从kaggle中下载数据有train.csv、test.csv。
先对数据集进行观察。
import pandas as pd
train_df = pd.read_csv(r'H:\DataAnalysis\predictprice\train.csv')
print(train_df.info())
结果如下,可见总共有1460个样本,81列中除去Id和SalePrice两列,有79列特征项,81列中有浮点数3列,整型数35列,其他都是对象(文本型数据),而且有部分特征是有缺失值的。特征说明详见https://www.kaggle.com/c/house-prices-advanced-regression-techniques/data.

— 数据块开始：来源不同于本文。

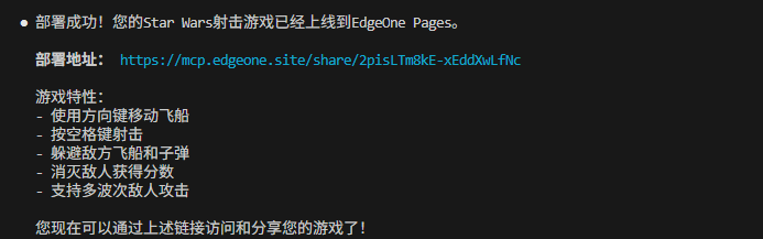 整个过程中,不仅实现了星球大战小游戏的构建,还尝试了高级功能如资源优化和 MCP 接入,工具智能性和可拓展性表现出色,特别适合快速原型和在线展示场景。

RangeIndex: 1460 entries, 0 to 1459
Data columns (total 81 columns):
Id 1460 non-null int64
MSSubClass 1460 non-null int64
MSZoning 1460 non-null object
LotFrontage 1201 non-null float64
LotArea 1460 non-null int64
Street 1460 non-null object
Alley 91 non-null object
...
YrSold 1460 non-null int64
SaleType 1460 non-null object
SaleCondition 1460 non-null object
SalePrice 1460 non-null int64
dtypes: float64(3), int64(35), object(43)
memory usage: 924.0+ KB
None
Process finished with exit code 0
首先观察训练集中售出价格的分布,如下图,典型的右偏分布(即众数<中位数<平均数)。符合一般的认识。
在对特征进行分析之前先将特征归个类别,如下表。
类别 | 特征 |
---|---|
住宅概况 | BldgType HouseStyle YearBuilt YearRemodAdd LandContour LandSlope MSSubClass Functional MiscFeature MiscVal |
建筑详情 | OverallQual OverallCond RoofStyle RoofMatl Exterior1st Exterior2nd MasVnrType MasVnrArea ExterQual ExterCond 3SsnPorch ScreenPorch EnclosedPorch OpenPorchSF Foundation WoodDeckSF |
房间及硬件 | Kitchen KitchenQual Bedroom FullBath HalfBath PoolArea PoolQC Fireplaces FireplaceQu TotRmsAbvGrd Fence |
楼层面积 | 1stFlrSF2ndFlrSFLowQualFinSFGrLivArea |
地下室相关 | BsmtQual (地下室高度) BsmtCond BsmtExposure BsmtFinType1 BsmtFinSF1 BsmtFinType2 BsmtFinSF2 BsmtUnfSF TotalBsmtSF BsmtFullBath BsmtHalfBath |
地块 | LotFrontage LotArea LotShape |
交通及环境 | Street Alley MSZoning Neighborhood Utilities PavedDrive Condition1 Condition2 |
设备 | Heating HeatingQC Electrical CentralAir |
车库 | GarageType GarageYrBlt GarageFinish GarageCars GarageArea GarageCond GarageQual |
房屋售出详情 | MoSold YrSold SaleType SaleCondition |
将训练集和测试集导入,并检查缺失值的数量:
train_df.T[train_df.isnull().any().values].T.isnull().sum()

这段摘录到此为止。